Monday, July 14, 2008

How to Meet and Marry a Pole

Be warned my friends. Executing the following plan of action could lead to a Significant Other who enjoys eating sweetened condense milk out of a tub, claims that all sausage other than that found in Poland is vile, and might possibly force you to live in Europe some day where you will be able to visit fabulous countries like Croatia and Austria by taking the train.

Step 1: Learn how to say his name.

We lived right next door to each other (I could walk out of my apartment, and around the corner and knock on his door) from July of 2005 to April of 2006 and we only have one memory of each other. I knew his roommate J and asked J to come over one day to take a look at my computer. Mr. Avocado came along and complimented me on my limited computer skills. I blushed and thought he was sweet. I am assuming that we went so long without interacting because I was apprehensive about saying his Polish name incorrectly.

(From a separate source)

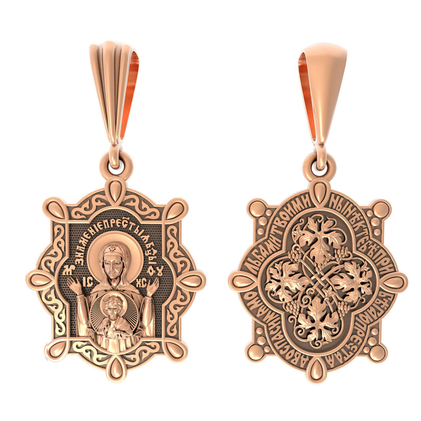 В центр образка помещен образ Божией Матери «Знамение», прославившийся многими чудесами в Новгороде в XII веке. Икона эта чтится как одна из самых великих святынь Русской земли. Молитвенно воздетые руки Богородицы означают заступничество за людей пред Богом. Рядом с Ней, на фоне круглого щита, — благословляющий Божественный Младенец — Спас-Эммануил.

Step 2: Find out what he is good at, then flatter him by asking him to use those skills to serve you in some way.

After moving home for 9 months, I came back to school and moved into a house right next door to my old apartment complex. My computer was on the fritz once again and so I went up to the apartment of J and Mr. Avocado to find out if one of them would come down to look at my computer again. Mr. Avocado brought his genius friend C and after C and I quickly bonded over an affinity for Battlestar Galactica, the three of us were attached at the hip from that point on.

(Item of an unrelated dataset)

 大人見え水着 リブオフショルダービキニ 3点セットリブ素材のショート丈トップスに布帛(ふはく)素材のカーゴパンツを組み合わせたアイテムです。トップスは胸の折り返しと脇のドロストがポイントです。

Step 3: Unleash his competitive side.

Mr. Avocado is super competitive. And he loves to participate in any activity that involves the two of us attempting to best one another. Our love blossomed over many rounds of darts, where I thoroughly whipped him every time.

Step 4: Ask him out. See if he will dress up for you.

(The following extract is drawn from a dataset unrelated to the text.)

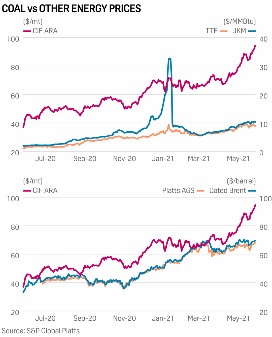 盡管面臨環境壓力,煤炭仍然是世界上發電的首要燃料,部分原因是它通常比天然氣更具競爭力。即使煤炭價格上漲,仍然沒有改變這一點。特別是在亞洲和歐洲,天然氣需求也在增加,側面支撐了煤炭價格的上漲。2021年5月28日,普氏JKM液化天然氣(LNG)市場的價格為10.313美元/MMBtu,比一年前的1.938美元/MMBtu上漲了432.1%。

Ladies, stop sitting around and waiting, make the first move! The nice part about being in charge of the date is that you are able to dictate what type of date it will be. Ours was a college prom-ripoff where I forced Mr. Av to dress up and take awkward photos with me.



I almost didn't post this picture as it shows me at a time when I was a much chubbier avocado. But Mr. Avocado is doing such an excellent job demonstrating his "awkward prom picture" form.

Step 5: Corner him. Tell him it's time to start dating.

After the prom was over, I told Mr. Avocado it was time for me to walk him home. He protested. I insisted. I stood in front of his apartment door and confessed my feelings for him. Bearing my soul. He thanked me. (Any other Friends fanatics remembering when Emily said thank you to Ross at the airport as she was flying back to London?)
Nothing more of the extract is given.